You are viewing a plain text version of this content. The canonical link for it is here.
Posted to user@cassandra.apache.org by Paul Chandler <pa...@redshots.com> on 2019/06/04 13:25:50 UTC

Re: TWCS sstables not dropping even though all data is expired

Mike,

It has taken me sometime, but I have now written this up in more detail on my blog: http://www.redshots.com/cassandra-twcs-must-have-ttls/ <http://www.redshots.com/cassandra-twcs-must-have-ttls/>

However I couldn’t get the tombstone compaction subproperties to work as expected.

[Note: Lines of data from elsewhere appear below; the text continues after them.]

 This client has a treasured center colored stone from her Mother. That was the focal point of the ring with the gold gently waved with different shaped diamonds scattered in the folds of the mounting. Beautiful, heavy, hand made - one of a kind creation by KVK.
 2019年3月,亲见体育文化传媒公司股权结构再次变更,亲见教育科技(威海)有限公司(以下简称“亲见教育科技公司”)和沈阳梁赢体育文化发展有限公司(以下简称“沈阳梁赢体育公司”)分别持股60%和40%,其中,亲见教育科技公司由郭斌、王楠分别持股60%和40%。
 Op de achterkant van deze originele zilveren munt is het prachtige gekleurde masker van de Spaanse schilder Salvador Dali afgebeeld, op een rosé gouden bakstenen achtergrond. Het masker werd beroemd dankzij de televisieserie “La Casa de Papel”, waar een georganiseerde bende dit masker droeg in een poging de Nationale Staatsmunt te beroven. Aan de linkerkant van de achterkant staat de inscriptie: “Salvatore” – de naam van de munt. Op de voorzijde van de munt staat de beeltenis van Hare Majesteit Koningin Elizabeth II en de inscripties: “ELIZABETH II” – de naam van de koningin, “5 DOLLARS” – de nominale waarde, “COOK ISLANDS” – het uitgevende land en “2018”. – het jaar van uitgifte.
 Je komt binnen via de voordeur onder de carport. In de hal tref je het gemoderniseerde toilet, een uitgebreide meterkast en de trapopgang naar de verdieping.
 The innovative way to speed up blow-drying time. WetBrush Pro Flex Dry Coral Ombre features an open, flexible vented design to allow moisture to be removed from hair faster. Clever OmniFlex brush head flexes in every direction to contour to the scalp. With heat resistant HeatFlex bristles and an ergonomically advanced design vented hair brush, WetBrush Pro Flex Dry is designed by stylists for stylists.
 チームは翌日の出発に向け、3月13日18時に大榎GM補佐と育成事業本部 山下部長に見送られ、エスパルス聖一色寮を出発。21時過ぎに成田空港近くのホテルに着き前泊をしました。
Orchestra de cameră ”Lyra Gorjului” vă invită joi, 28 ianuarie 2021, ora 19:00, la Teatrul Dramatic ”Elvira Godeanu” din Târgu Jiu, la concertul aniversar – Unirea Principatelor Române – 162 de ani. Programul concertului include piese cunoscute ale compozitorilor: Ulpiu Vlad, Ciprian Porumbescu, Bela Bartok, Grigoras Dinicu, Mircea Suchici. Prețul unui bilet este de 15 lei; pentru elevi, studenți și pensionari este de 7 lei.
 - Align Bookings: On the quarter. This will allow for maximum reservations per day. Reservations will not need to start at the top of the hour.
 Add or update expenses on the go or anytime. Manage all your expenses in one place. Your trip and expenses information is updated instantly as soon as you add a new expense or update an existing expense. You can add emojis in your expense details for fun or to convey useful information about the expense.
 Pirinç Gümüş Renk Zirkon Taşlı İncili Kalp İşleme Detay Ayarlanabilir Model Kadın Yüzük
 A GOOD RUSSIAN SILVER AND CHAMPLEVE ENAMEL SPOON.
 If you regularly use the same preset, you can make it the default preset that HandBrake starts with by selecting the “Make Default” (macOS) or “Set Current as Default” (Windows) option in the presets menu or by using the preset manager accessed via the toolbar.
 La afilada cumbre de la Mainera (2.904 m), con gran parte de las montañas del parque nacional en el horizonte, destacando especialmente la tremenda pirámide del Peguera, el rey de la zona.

If I use the following properties:

gc_grace_seconds = 60
   AND default_time_to_live = 300
    AND compaction = {'compaction_window_size': '1', 
    				  'compaction_window_unit': 'MINUTES', 
                                 'tombstone_compaction_interval': '60',
                                 'tombstone_threshold': '0.01',
                                 'unchecked_tombstone_compaction': 'true',
     				  'class': 'org.apache.cassandra.db.compaction.TimeWindowCompactionStrategy’}


When a row without a TTL is blocking the sstable being deleted, I would expect the later sstables to be deleted with these settings.

What actually happens is that the sstables are compacted every 60 seconds, but the new sstable is exactly the same as the previous one, even though the rows have expired and we are way past the gc_grace_seconds.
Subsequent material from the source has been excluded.